→ Exercise: Restate word for word the lines below from the one that has "Dacia, wearing Dacian" through the one that has "HWMonitor: CPU 28", keeping both and dropping all pictures.

→ Input:
------

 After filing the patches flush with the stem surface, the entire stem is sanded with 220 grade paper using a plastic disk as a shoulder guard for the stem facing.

------

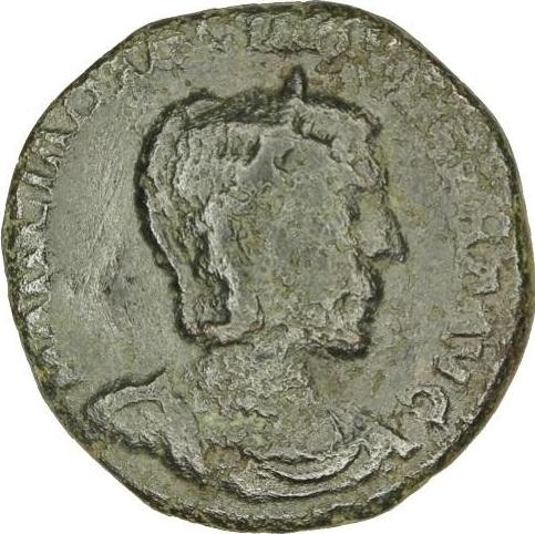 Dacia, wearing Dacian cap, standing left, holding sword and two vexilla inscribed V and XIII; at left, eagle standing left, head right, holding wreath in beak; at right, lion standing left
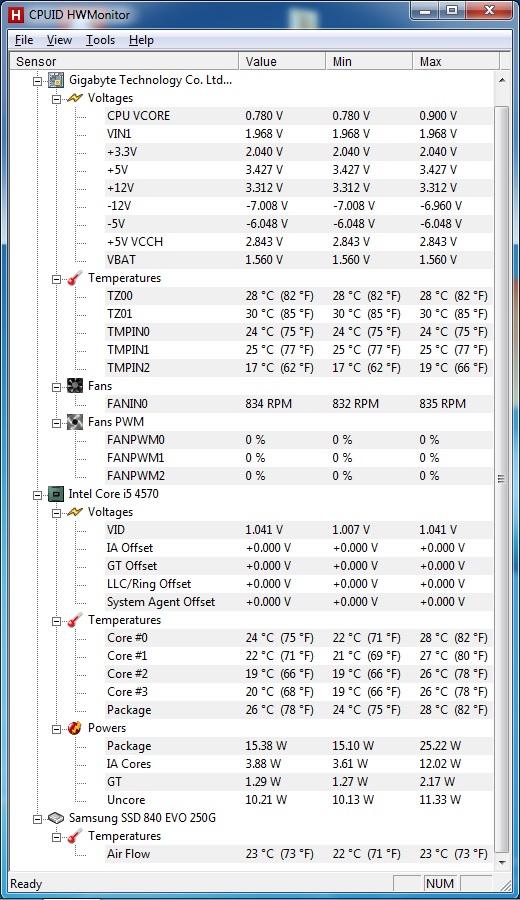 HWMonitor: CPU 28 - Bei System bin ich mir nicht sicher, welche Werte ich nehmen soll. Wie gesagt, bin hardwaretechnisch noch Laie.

------

→ Answer:
 Dacia, wearing Dacian cap, standing left, holding sword and two vexilla inscribed V and XIII; at left, eagle standing left, head right, holding wreath in beak; at right, lion standing left
 HWMonitor: CPU 28 - Bei System bin ich mir nicht sicher, welche Werte ich nehmen soll. Wie gesagt, bin hardwaretechnisch noch Laie.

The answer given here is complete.